Mentors will be from Ryerson, Carpenters’ Local 27, B+H Architects, Moriyama & Teshima Architects, Partisans, George Brown College, EllisDon, Moses Structural Engineers, DTAH and U.S. universities.

“We want the designs to test what the wood is capable of. We don’t have limitations this year of wood craftsmanship, we have just wood design,” explains Moses.

He adds the online event allows projects to be “much larger” than previous years because there are no physical constraints. Still, judges will “be looking for efficient use of materials and constructability.”

First, second and third-place teams will be given cash prizes.

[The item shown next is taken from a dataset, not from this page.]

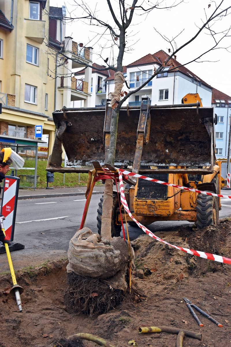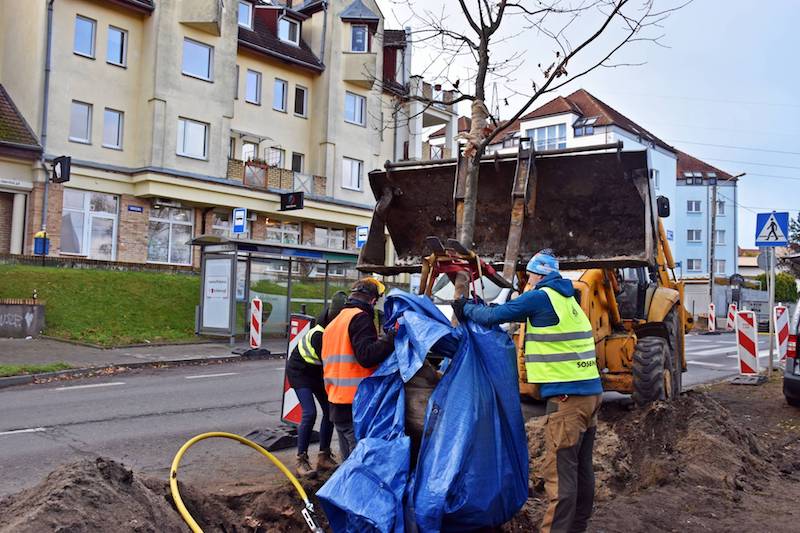 - Zastosowana metoda pozwala na rozluźnienie gruntu i wydobycie go, bez uszkodzenia struktury korzeniowej przesadzanego drzewa - wyjaśnia Piotr Zieliński, rzecznik prasowy spółki Szczecińskie Inwestycje Miejskie, która sprawuje nadzór nad inwestycją. - Są to prace znacznie szybsze, bezpieczniejsze i mniej szkodliwe dla drzew w porównaniu do innych metod. Choć pierwsze z przesadzanych drzew nie było dużych rozmiarów, to operacja zajęła ponad trzy godziny - relacjonuje rzecznik.

There will also be an award for the “community favourite,” says Cleland.

He describes the virtual experience as closer to the “real world” setting where engineers and architects use programs like Rhino (Rhinoceros3D for architectural design) and RSTAB for calculations.

But building virtually is not a replacement for the “personal interaction” of the physical event, cites Moses.

“We need to work hard on student engagement and the psychological differences of working remotely while participating in an intense competition.”

He says in a virtual environment it is “twice as hard to communicate,” so helping the teams iron out issues so they can to learn to help themselves is a priority.

This is the first year that U.S. universities will be participating in TimberFever, made possible by the online format.

While this year’s theme won’t be announced until Sept. 24, the event will be focussed on issues prevalent in current times, Moses says.

This is Cleland’s third year with TimberFever.

In 2018 the 21-year-old was a contestant and the following year he was on the executive team organizing the event.

“Just being able to see other people put things together…manufacturing them from scratch has taught me a lot, especially when I competed,” he says.

The architectural chair says he is not sure how future years will shape after this year’s virtual format but he believes 2020 could offer a future of “a hybrid physical/virtual event mixing the best of both worlds.”

Cleland was raised in a 150-year-old farmhouse “that my parents were constantly renovating.”  Watching them build an addition from the ground up “was really informing, really cool and probably made me decide to be an architect.”